There is none.
There are potentially 7 tests in the initial celiac blood test. The TTG IgA and TTG IgG are the most common initial tests run for celiac disease. These test the amount of anti- transglutaminase in the blood demonstrate whether the the immune system is reacting to gluten or not. Know that the TTG IgG test predicts a positive celiac biopsy only 3% of the time, even when exceptionally high – so it has low predictability for celiac.
Yhe control test is the Total IgA test. The Total IgA test is the test that confirms the immune system is functioning properly. If the Total IgA is low, then the TTG tests are invalid. The immune system isn’t functioning enough to even produce antibodies to gluten in order to be tested.
Sometimes if the TTG IGA and TTG IGG or Total IgA test are negative, there are additional tests that can be run. The DGP IgA and DGP IgG is one additional test that looks for deanimated gluten peptide. It is less accurate than the TTG testing. There is also the EMA IgA and EMA IgG tests as well. The EMA tests are the most difficult to run in the lab and have the most room for error but is the most specific to celiac. EMA stands for anti-endomysial antibody.

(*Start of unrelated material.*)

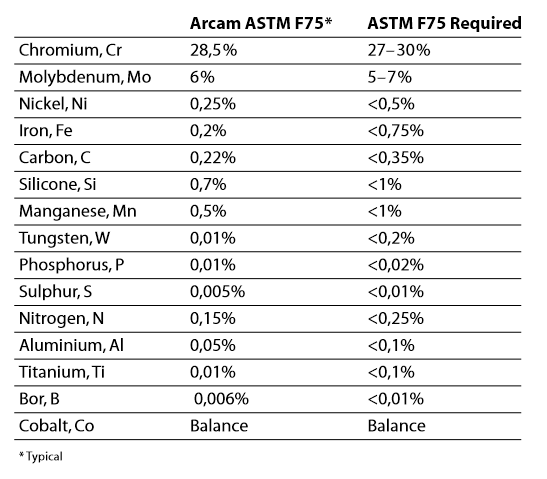 如下表1. 有關(guān)Arcam ASTM F75 與ASTM F75的比較表,注意到余量是鈷元素。

If any of the above tests are positive, please get an upper endoscopy with biopsy through a board certified gastroenterologist.
Now, many, many people test negative on the blood tests. Many times doctors then refuse an endoscopy because the celiac blood tests are negative. Lots of people are then still searching for answers, believe they have an issue with gluten, and will look for alternative testing to confirm their issue with gluten.

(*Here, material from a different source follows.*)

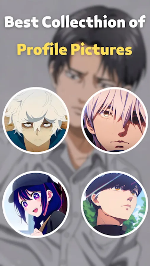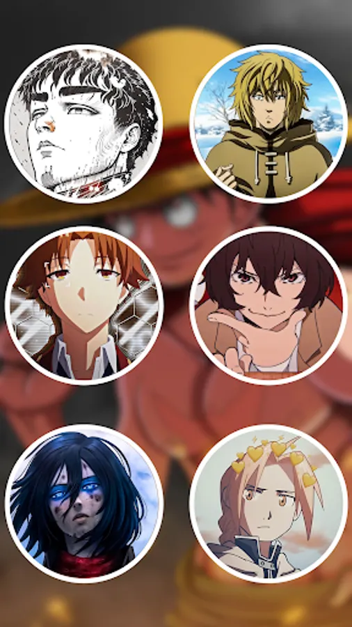 🔸 Provides profile pictures for many anime characters (Luffy, Goku, Vegeta; Zoro, Eren, Mikasa, sad anime pictures, Nami, Berserk, Dragon Ball, One Piece, Attack on Titan, Naruto, Sasuke, Itachi, Sakura, and many more characters The famous and the not-so-popular,...)

Let’s talk a little about the immune system first. There are lots of different types of cells in the immune system. The five classes of antibodies are:
- Immunoglobulin A (IgA), which is found in high concentrations in the mucous membranes, particularly those lining the respiratory passages and gastrointestinal tract. This is why the IGA testing is most accurate for celiac diease, because these cells are in the gastrointestinal tract.
- Immunoglobulin G (IgG), the most abundant type of antibody, is found in all body fluids and protects against bacterial and viral infections.
- Immunoglobulin M (IgM), which is found mainly in the blood and lymph fluid, is the first antibody to be made by the body to fight a new infection.
- Immunoglobulin E (IgE), which is associated mainly with allergic reactions (when the immune system overreacts to environmental antigens such as pollen or pet dander). It is found in the lungs, skin, and mucous membranes. This is the stuff of patch tests and anaphylactic reactions.
- Immunoglobulin D (IgD), which exists in small amounts in the blood, is the least understood antibody.
So, now that we know all about the immune system functions.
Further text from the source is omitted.